Consider the following abstract idea, for bloom filter matching, that was proposed to me as an alternative to looking up individual candidates one at a time...

Assume we are using a general purpose bloom filter that sets K bits per entry where K is undetermined but > 1

We build a bloom filter for a collection. We then have a candidate list of items we want to check against that filter so we build another filter out of the candidate list. We then perform perform a bit intersection (binary and operation) on the two filters. It is assumed that if any of the bits in the result are set there is a reasonably good probability that one of the items in Set B can be found in set A.

It is my contention that, actually, the probability of a false positive is very high because we are saying if any bit in filter A matches any bit in filter B there is a match. I see this as being no different to the Birthday Paradox where we ask if any person in the room shares any birthday.

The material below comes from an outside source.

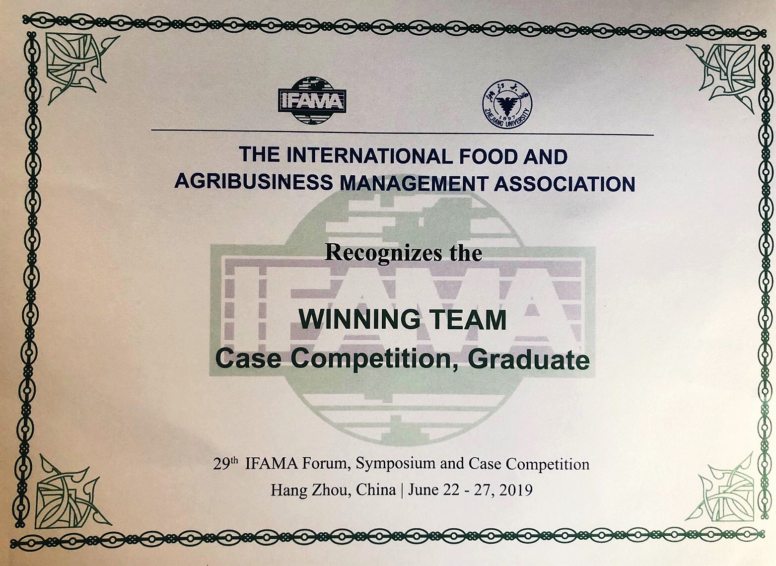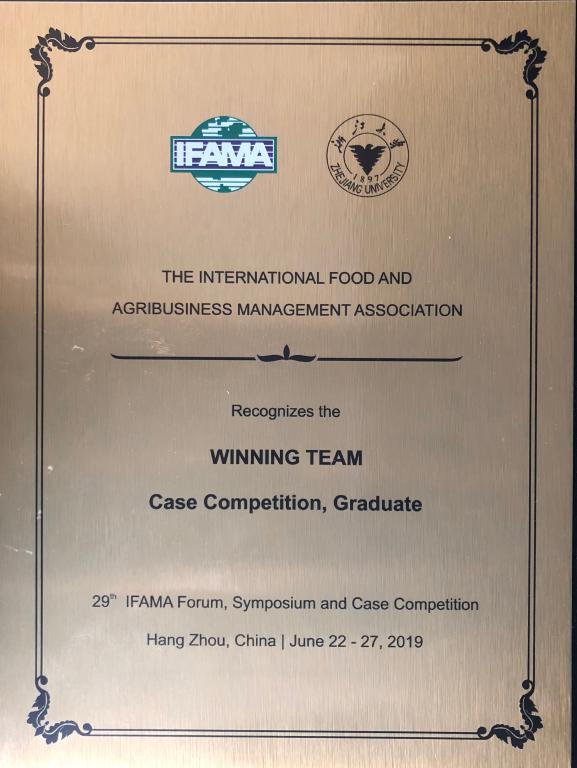 国际食品与农业企业管理协会(International Food and Agribusiness Association,简称IFAMA)第29届年度论坛与研讨会于6月22日至26日在中国杭州举行。在今年的国际学生案例竞赛中,beat365正版唯一官方网站派出由蔡忠州教授和朱战国教授指导并带队的12位同学共三支队伍参赛,其中王喆琳、石颖、冯颖、曹嘉彦组成的代表队,与来自普渡大学、密歇根州立大学等国际知名高校的21支代表队同场竞技,勇夺研究生组冠军!这是继2012年夺冠后,南农经管学子时隔七年,再次登上最高领奖台!

Am I wrong or right and (without going beyond simple high school maths - as I am really not that clever) can you prove it? Would this still be an issue if we only set 1 bit per entry?

NB. This is not a "homework question" - check my profile - it is a real world discussion I am having.

Thank you.

Intuitively, I'd come to the same conclusion.

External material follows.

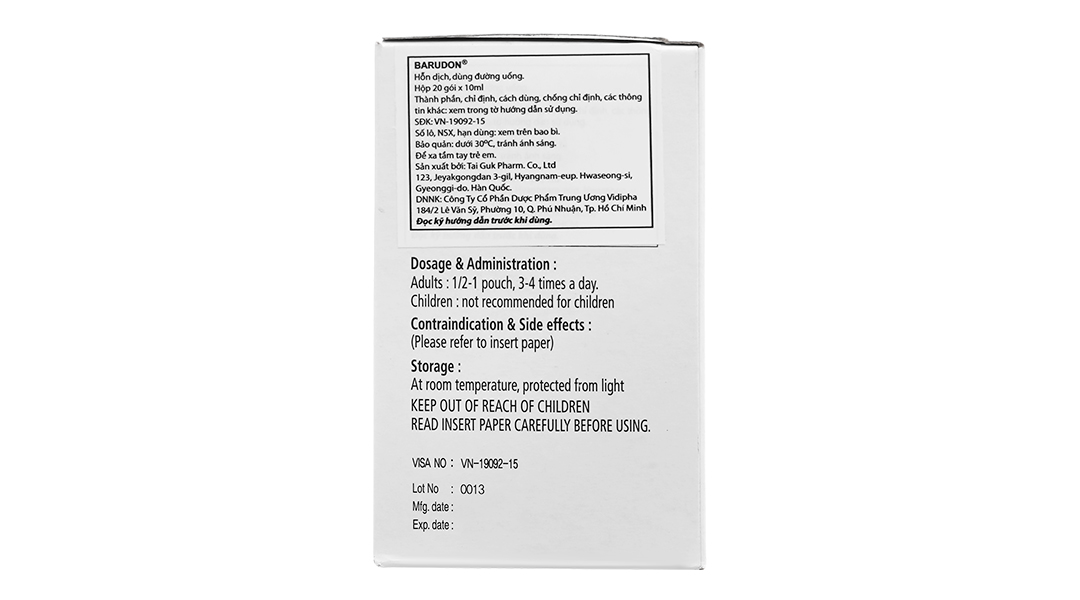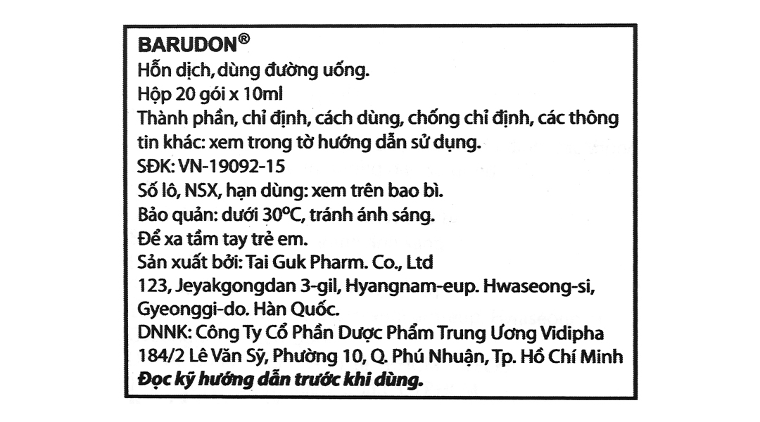 Hỗn dịch uống Barudon Susp giảm đau nhanh trong viêm dạ dày (20 gói x 10ml)

But let's try to do the math.

Take a simple example of a set B of size 1. That would be the normal case when checking if an item is present in the bloom filter. However, there is a large difference in the approach taken to perform that check :

normal approach : check if all bits of B are set in A

proposed approach : check if at least one bit of B is set in A

The chance of false positives is respectively (where m is the number of bits in the bloom filter, k is the number of hash functions, and n is the number of items stored in the bloom filter) :

normal approach : p^k

proposed approach : 1 - (1 - p)^k

where p is the probability that a certain bit is 1 in A :

p = (1 - ((1 - (1 / m))^(kn)))

with k = 3, m = 256, n = 64 for example, we get that p ~= 0.52833, so that would give the following chances of false positives :

normal approach : (0.52833)^3 ~= 0.14747

proposed approach : 1 - (1 - 0.52833)^3 ~= 0.89507

so, the proposed approach has a 6 times higher chance of a false positive (for this example), or almost a 90% chance of a false positive (for this example).

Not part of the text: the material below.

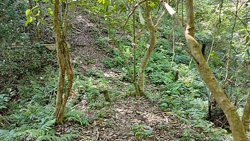 續行,稜線山路開始下坡,沒有像另一側那麼陡峭。 |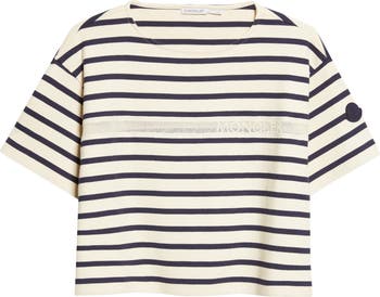 A logo-embroidered macramé inset adds cool (and cooling) detail to this cropped, boxy boatneck T-shirt in summery nautical stripes.

Now, let's extrapolate that to a set B of size l. Now :

normal approach : for each of the items, check if all bits from the hash functions are set in A, sequentially

proposed approach : check if at least one bit of B is set in A

The chance of false positives is now respectively :

normal approach : 1 - (1 - p^k)^l

proposed approach : 1 - (1 - p)^qm

where q is the probability that a certain bit is 1 in B :

q = (1 - ((1 - (1 / m))^(kl)))

with k = 3, m = 256, n = 64, l = 8 for example, we get that p ~= 0.52833 and q ~= 0.08966, so that would give the following chances of false positives :

normal approach : 1 - (1 - (0.52833)^3)^8 ~= 0.72096

proposed approach : 1 - (1 - 0.52833)^(0.08966 * 256) ~= 0.99999996

so, the proposed approach has almost a 100% chance of a false positive (for this example).

I know you said not to use maths, but it was the easiest way for me to prove that our intuition is right, and it seems our intuition didn't deceive us heh.

Please do check my calculations, since I just quickly jotted them down.